DATA BELOW:
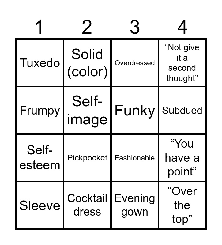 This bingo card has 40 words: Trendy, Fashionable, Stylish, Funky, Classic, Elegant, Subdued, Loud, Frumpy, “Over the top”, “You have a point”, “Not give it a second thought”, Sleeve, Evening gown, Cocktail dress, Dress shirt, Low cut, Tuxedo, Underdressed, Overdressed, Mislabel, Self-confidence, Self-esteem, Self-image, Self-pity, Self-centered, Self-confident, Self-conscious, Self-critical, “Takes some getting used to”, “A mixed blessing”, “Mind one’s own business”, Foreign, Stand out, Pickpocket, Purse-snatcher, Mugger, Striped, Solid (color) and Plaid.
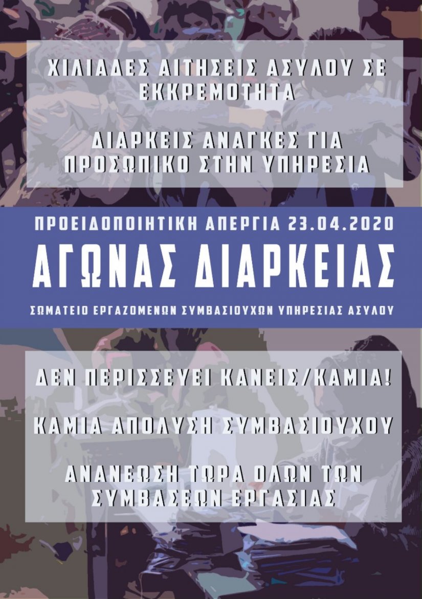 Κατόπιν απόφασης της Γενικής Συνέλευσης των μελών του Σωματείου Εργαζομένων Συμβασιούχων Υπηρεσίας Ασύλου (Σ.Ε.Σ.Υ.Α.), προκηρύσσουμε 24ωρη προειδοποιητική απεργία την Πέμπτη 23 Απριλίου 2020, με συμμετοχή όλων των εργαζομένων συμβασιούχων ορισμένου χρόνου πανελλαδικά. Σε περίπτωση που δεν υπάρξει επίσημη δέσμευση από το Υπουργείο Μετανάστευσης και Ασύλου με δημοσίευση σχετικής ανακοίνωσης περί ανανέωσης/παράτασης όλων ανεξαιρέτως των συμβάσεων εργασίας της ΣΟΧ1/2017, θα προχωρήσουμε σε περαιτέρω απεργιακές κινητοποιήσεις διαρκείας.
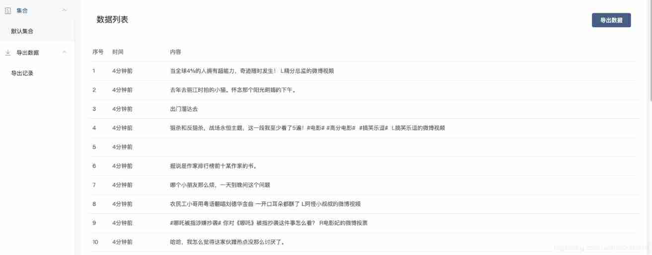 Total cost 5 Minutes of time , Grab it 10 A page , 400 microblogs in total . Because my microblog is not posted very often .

WHAT TO WORK ON: Output the material verbatim, skipping the images.

SOLUTION TO THIS EXERCISE:
 This bingo card has 40 words: Trendy, Fashionable, Stylish, Funky, Classic, Elegant, Subdued, Loud, Frumpy, “Over the top”, “You have a point”, “Not give it a second thought”, Sleeve, Evening gown, Cocktail dress, Dress shirt, Low cut, Tuxedo, Underdressed, Overdressed, Mislabel, Self-confidence, Self-esteem, Self-image, Self-pity, Self-centered, Self-confident, Self-conscious, Self-critical, “Takes some getting used to”, “A mixed blessing”, “Mind one’s own business”, Foreign, Stand out, Pickpocket, Purse-snatcher, Mugger, Striped, Solid (color) and Plaid.
 Κατόπιν απόφασης της Γενικής Συνέλευσης των μελών του Σωματείου Εργαζομένων Συμβασιούχων Υπηρεσίας Ασύλου (Σ.Ε.Σ.Υ.Α.), προκηρύσσουμε 24ωρη προειδοποιητική απεργία την Πέμπτη 23 Απριλίου 2020, με συμμετοχή όλων των εργαζομένων συμβασιούχων ορισμένου χρόνου πανελλαδικά. Σε περίπτωση που δεν υπάρξει επίσημη δέσμευση από το Υπουργείο Μετανάστευσης και Ασύλου με δημοσίευση σχετικής ανακοίνωσης περί ανανέωσης/παράτασης όλων ανεξαιρέτως των συμβάσεων εργασίας της ΣΟΧ1/2017, θα προχωρήσουμε σε περαιτέρω απεργιακές κινητοποιήσεις διαρκείας.
 Total cost 5 Minutes of time , Grab it 10 A page , 400 microblogs in total . Because my microblog is not posted very often .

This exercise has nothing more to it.